Tenemos el sentimiento de comunicar el sensible deceso de nuestro querido esposo, padre, suegro, abuelito, cuñado, tío y primo señor
JUAN BLANCO MOYA
(Q.E.P.D.).
Sus funerales se llevarán a efecto hoy martes 13 en el cementerio Nº 3 de Playa Ancha, luego de una misa que se oficiará por el eterno descanso de su alma en la Iglesia Espíritu Santo a las 8.30 horas.
La familia.


          Moreno -como era natural- no dejó de concurrir a las exequias de su buen amigo y allí vio y oyó lo de siempre: flores, coronas florales, llantos contenidos o a medio contener, tumbas polvorientas ya olvidadas, manos contorsionadas u oprimiéndose, nichos marmóreos exhibidos en macizas estanterías, mausoleos cargados de polvo y de tiempo, velos negros, ornamentos eclesiásticos, responsos incomprensibles en el añoso latín medieval, discursos salpicados de ditirambos... Por último, el crujido lijoso del ataúd al deslizarse nicho adentro...

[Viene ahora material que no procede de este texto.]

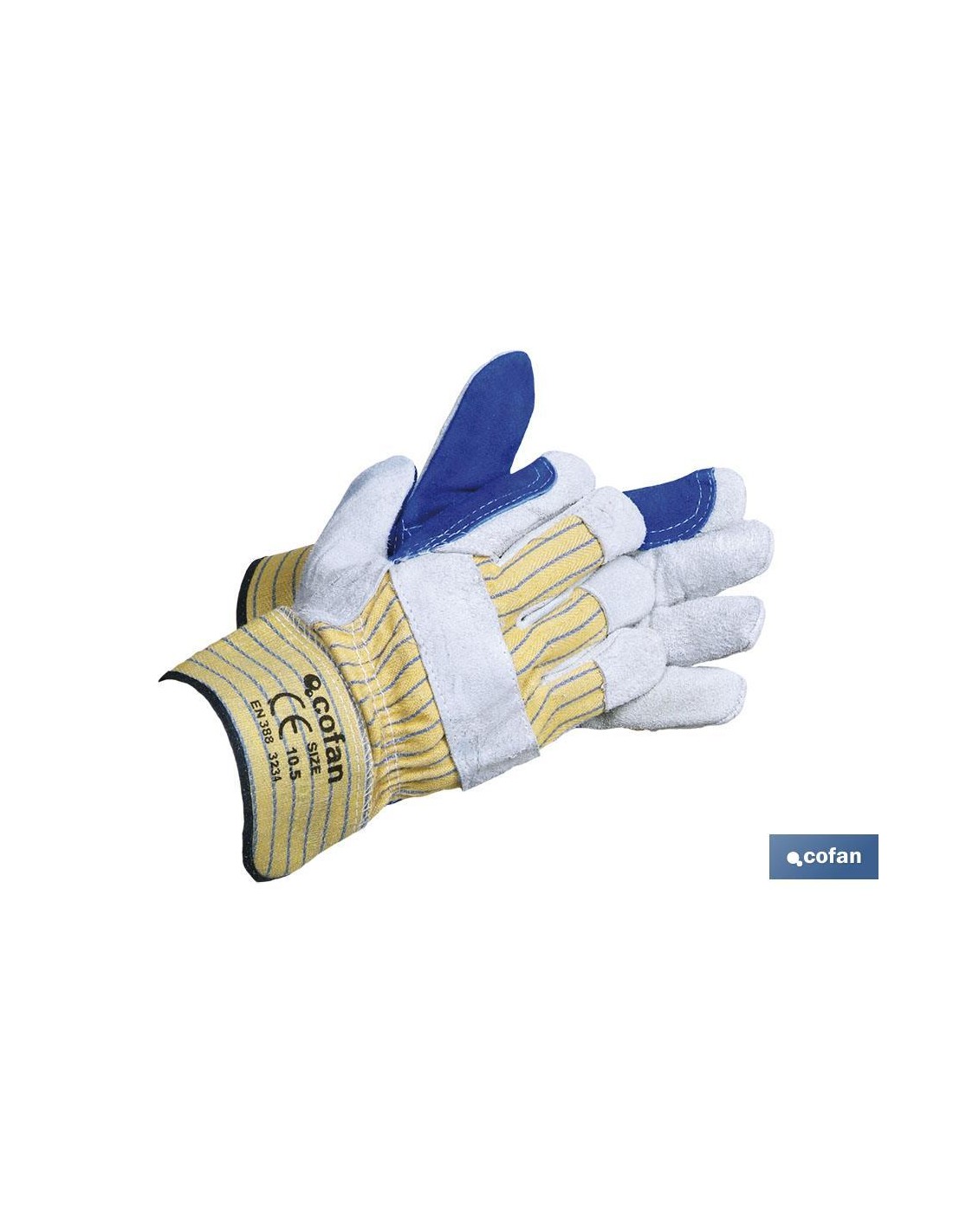 Guantes de serraje americano estándar. Especiales para carga y descarga de mercancías y manejo de herramienta manual. Su diseño industrial es resistente y duradero. Estos guantes están diseñados para realizar trabajos continuos de carga y descarga, manipulación de objetos, embalajes y mercancía en general. Son cómodos y fáciles de poner y quitar. Protegen las manos de rozaduras y golpes. Además, evitan el contacto directo de sustancias perjudiciales con la piel. También son totalmente válidos para multitud de tareas como mecánica, carpintería, agricultura, recolección, construcción, etc.

              Después, como sentenció el poeta: nadie dijo nada, nadie dijo nada...

          Sólo el monótono correr de los días, siempre iguales, sin nada propiamente anormal, como si el finado nunca hubiera sido necesario para que nada sucediera ni dejara de suceder.

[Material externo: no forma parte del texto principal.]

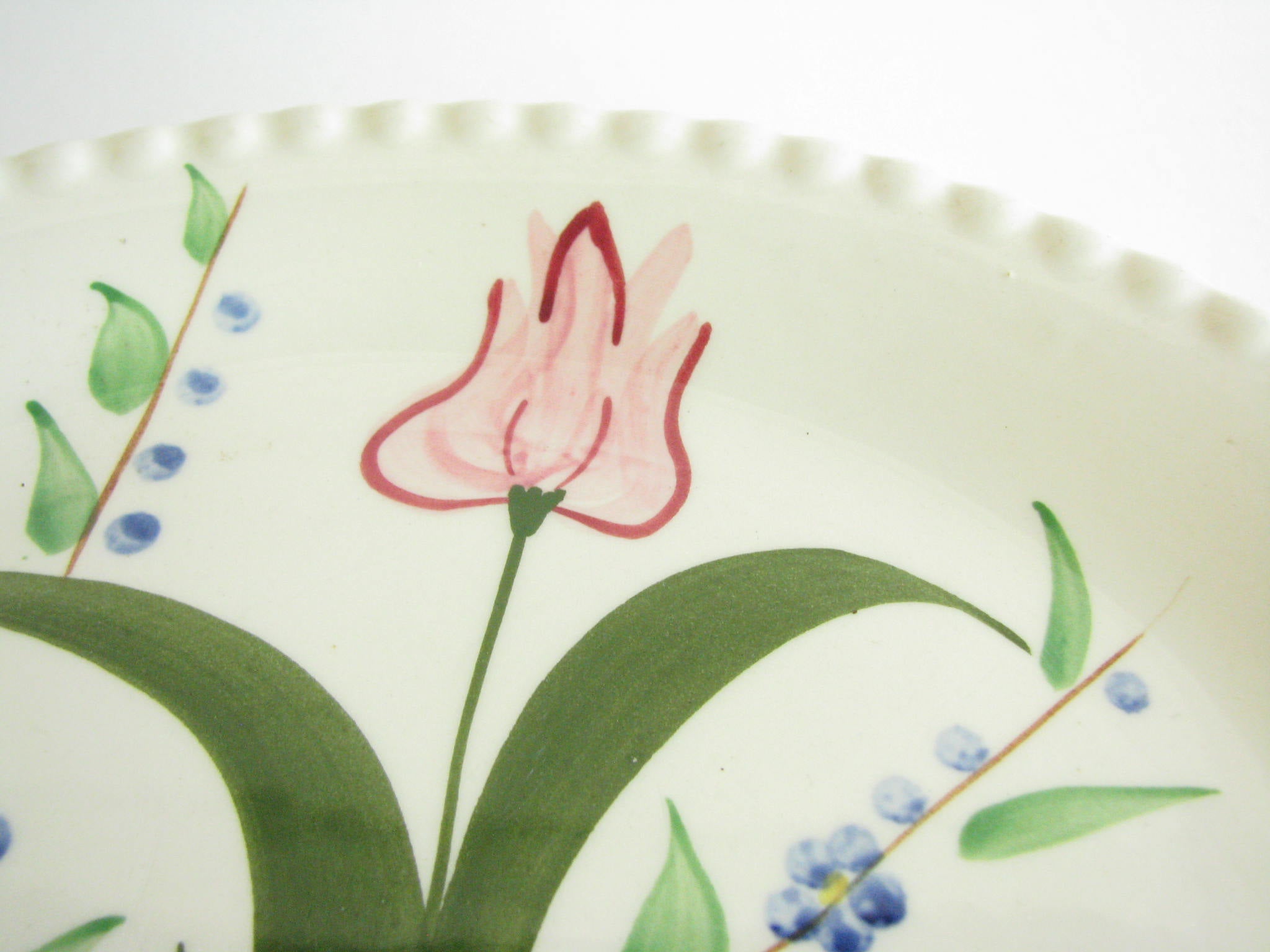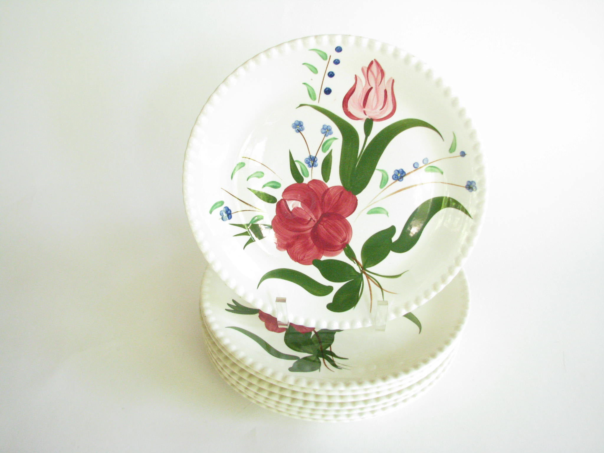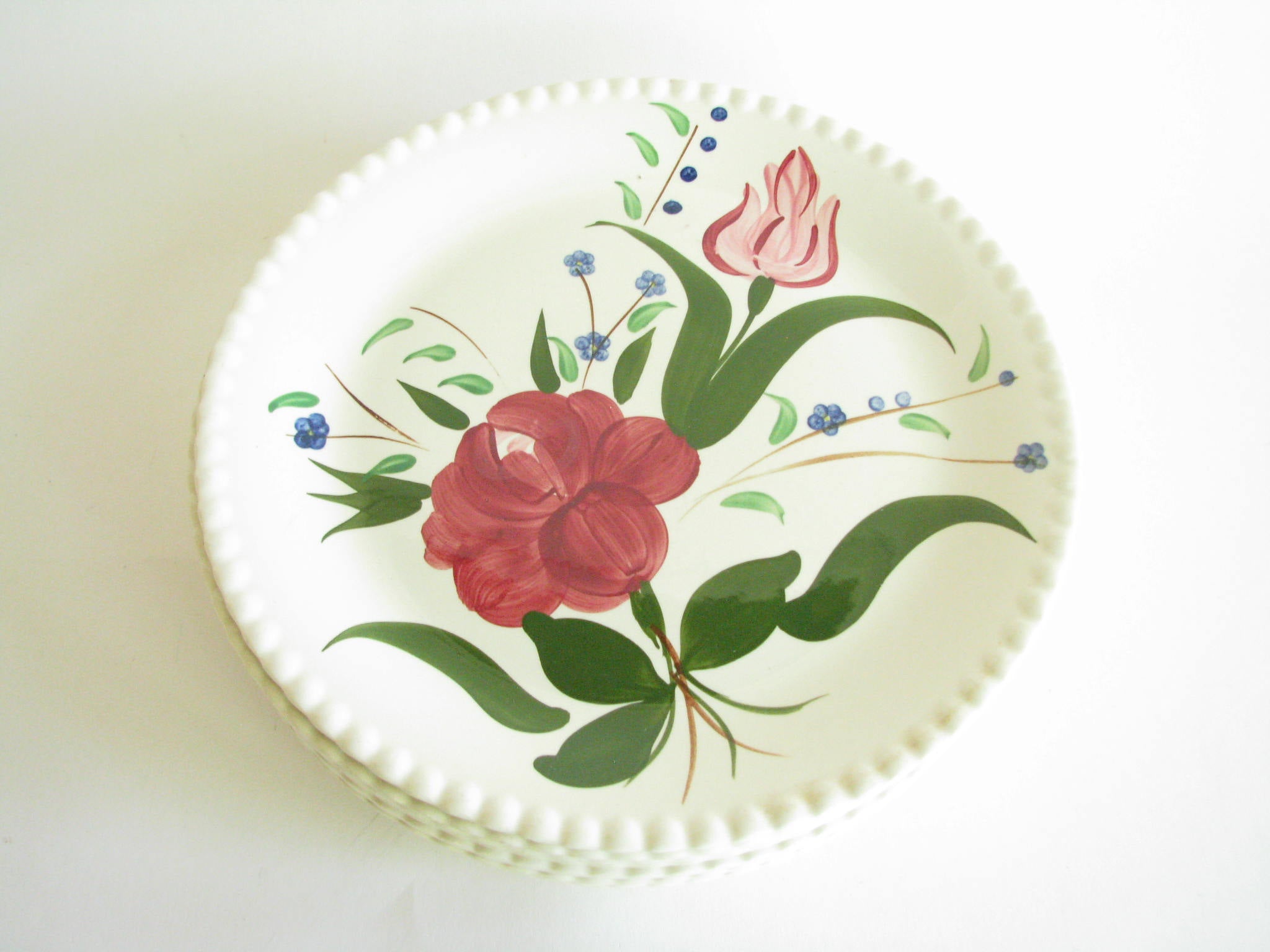 Vintage set of 6 Dansk New Scandia salad plates with blue trim and raised lattice edges.

          Nuestro incrédulo amigo Moreno quiso dejar que pasara perezosamente el tiempo, aunque no tal vez en exceso, si era posible que... La verdad es que se estaba percatando de que la fe, aunque fuese del ateísmo más recalcitrante, no es tan firme ni tan sólida como él la había pensado en frío, durante sus ya remotos años mozos… Y no podía ocultarse a sí mismo cierta desazón que parecía aumentar con el paso de los días.

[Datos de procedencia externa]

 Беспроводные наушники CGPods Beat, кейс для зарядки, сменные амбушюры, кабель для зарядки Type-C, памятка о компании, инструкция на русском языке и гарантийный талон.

          No dormía bien, a pesar de las yerbas, las tomas y las tabletas... Lo achacaba a lo avanzado de su edad. Varias veces se sorprendía levantado en medio de la noche, alumbrado apenas con la movediza llama de una vela, frente a ese enorme baúl de desteñido tono funeral, que encerraba el misterioso cofrecillo, que encerraba el papel, que encerraba... ¡oh!... ¡el misterio de los misterios!

          Algo lo detenía. Sentía con alarma cierto oscuro pavor que juzgaba tan tenaz como al parecer invencible. La cabeza le daba vueltas. Finalmente optaba por echarse sobre su sillón de cuero brillante a meditar por largo rato. Oía continuamente trajines de ratas por los rincones. Nada más. Huroneos, ruidos extraños, golpeteos y murmullos broncos que en ciertos momentos le ponían los pelos de punta...

          Las fauces del viejo cofre (parecía que alguien las hubiese forzado)  se entreabrían como reprimiendo una carcajada. Del interior salía de pronto una lengüetilla blanca que se agitaba con angustia, como llamándolo...; pero, ¡menos mal!, no había nada escrito en ella... Y le venía al alma un momentáneo alivio...

          Luego se percataba de que no se trataba del cofrecillo. Era el baúl, sí, el que estaba allí, con toda su ropa revuelta. La manga almidonada de una camisa blanca colgaba displicente, pero era demasiado grande como para ser el papel que aún se obstinaba en permanecer dentro del cofre...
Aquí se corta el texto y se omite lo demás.